Changement climatique: la pénurie d'eau rapproche Israël et la Jordanie

  • Un accord a été conclu début juillet sur la vente de 50 millions de m3 d'eau par an par Israël au royaume hachémite
  • Israël, en manque de place pour la construction d'unités de production et de stockage d'énergie solaire, pourra en échange s'approvisionner en électricité verte auprès de la Jordanie

JERUSALEM: En matière de gestion des ressources en eau, la coopération entre Israël et la Jordanie pourrait connaître une embellie sans précédent sous la pression de l'urgence climatique et grâce aux progrès technologiques et au réchauffement des relations entre les deux voisins, estiment des experts.

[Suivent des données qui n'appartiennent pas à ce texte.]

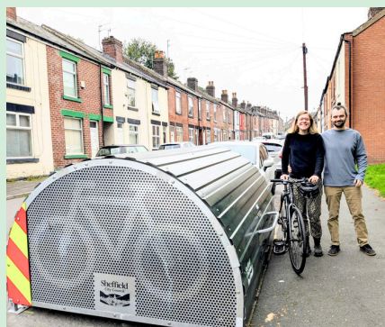
Residents at the first cycle hangar in Woodseats on Ulverston Road

Let us know your thoughts by using the contact details below.
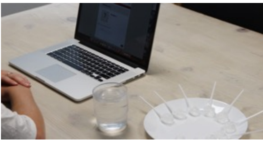
Figure 3. The set-up for block A scenarios

alongside the findings to support increased readability by presenting the hypotheses and results side by side. In designing the scenarios, the research team went through ideation and refinement, where both the data type and content were carefully considered. The intention was to create scenarios suited to the nature of taste (sweet and bitter) as suggested by the literature [11,15,28,34,39], but also to be broad and able to represent real-life contexts, both involving technology (digital) and not involving technology (analogue).
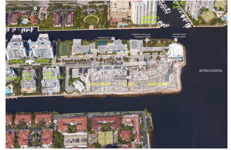
Built in 2015 - 190 units - 11 floors

Echo Aventura Address: #305, 3250 NE 188th St, Aventura, FL 33180 Phone: 786-383-1553
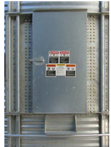
Brock's LATCH-LOCK® Walk-Through Entrance Door for Stiffened Bins.
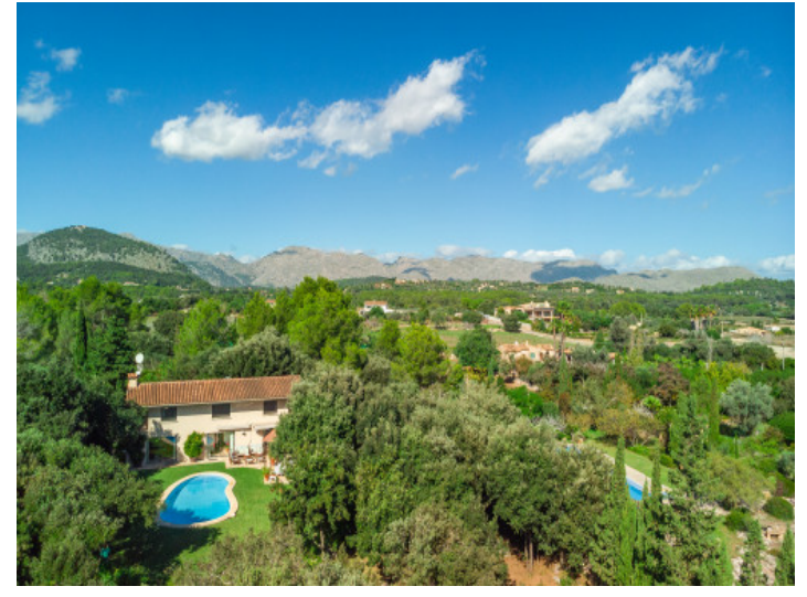
The finca is surrounded by trees
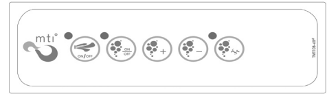
Example: White keypad

†Oil Rubbed Bronze finishes vary from manufacturer to manufacturer. MTI has selected a finish that is compatible with many available. If an exact match is desired, submit a sample and MTI will match it. Special Finishes upcharge will apply. Not available for air baths.

Un rapport des experts climat des Nations unies (Giec), publié en août, a montré sans équivoque que le climat changeait plus rapidement qu'on ne le craignait auparavant, ce qui exerce une pression sur les réserves en eau, à un moment où la demande n'a jamais été aussi forte.

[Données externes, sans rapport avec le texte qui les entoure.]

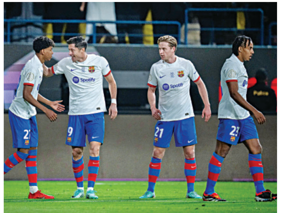
Reigning champions Barcelona advanced to the final of the Spanish Super Cup following a hard-earned 2-0 victory against Osasuna at the Al-Awwal Park Stadium in Riyadh yesterday (Bangladesh time), courtesy of second-half goals from Robert Lewandowski and Lamine Yamal. The win sets up a high-voltage El Clasico on Sunday (1:00 am on Monday, Bangladesh time) with Real Madrid having inflicted a 5-3 defeat to Atletico Madrid in the first semifinals of the competition.

"They are the team to beat, their record in recent seasons has been incredible. They have the best manager in the world, their style of play is difficult to combat, but I believe we can really compete in this game," he said.
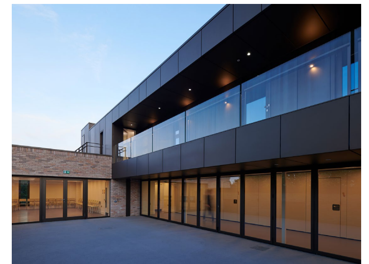
Second floor terrace today
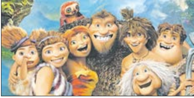
The Croods: A New Age
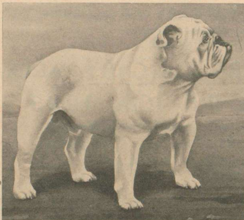
CH. KINGSWAY MAN-O'WAR (C.K.C.S.B. 25740)
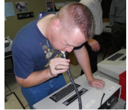
BAC Recertification Student
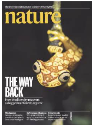
shows the cover of the international academic journal Nature.

Fewer opportunities for practical involvement, combined with reduced interaction between mentors and students, could weaken the transfer of tacit knowledge and professional experience that underpins scientific training, the statement quoted the article as saying. In order to address the issue, the authors call for a balanced approach that preserves educational goals while embracing technological
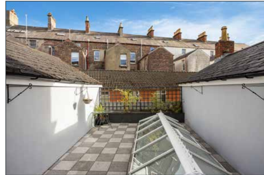
BALCONY: 25' 5" x 12' 5" (7.75m x 3.78m) Paved patio around roof lantern.
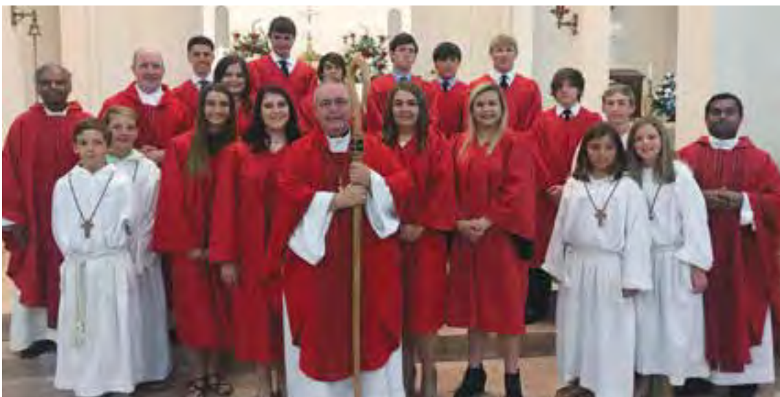
CONFIRMATION, SACRED HEART CHURCH (Moreauville), June 27.
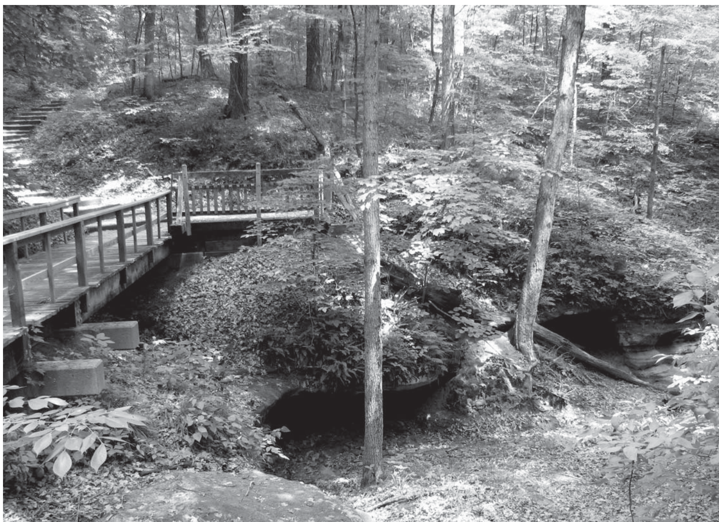
Morning field trips at the spring meeting will include Wildcat Den State Park in Muscatine County.
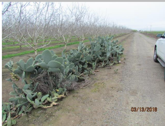
Looking south at dense cactus on waterward slope.
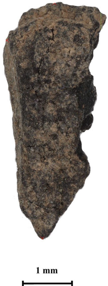
Figure 3. Early Middle Woodland domesticated sunflower kernel. (Color online)

Les avertissements concernant l'imminence de "guerres de l'eau", notamment au Moyen-Orient, ont souvent été exagérés, estime Erika Weinthal, professeure de politique environnementale à l'université Duke au Etats-Unis.

"L'eau est une ressource qui permet à des adversaires de trouver les moyens de coopérer", explique-t-elle à l'AFP, même si les tensions politiques peuvent peser comme celles autour du conflit israélo-palestinien.

Le lac Tiberias, l’une des principales sources en eau d’Israël (Photo, AFP).

Sécheresses extrêmes

La Jordanie est l'un des pays les plus déficitaires en eau au monde, souffrant de sécheresses extrêmes, et la coopération en matière d'eau avec Israël est bien antérieure à l'accord de paix conclu en 1994 entre les deux pays.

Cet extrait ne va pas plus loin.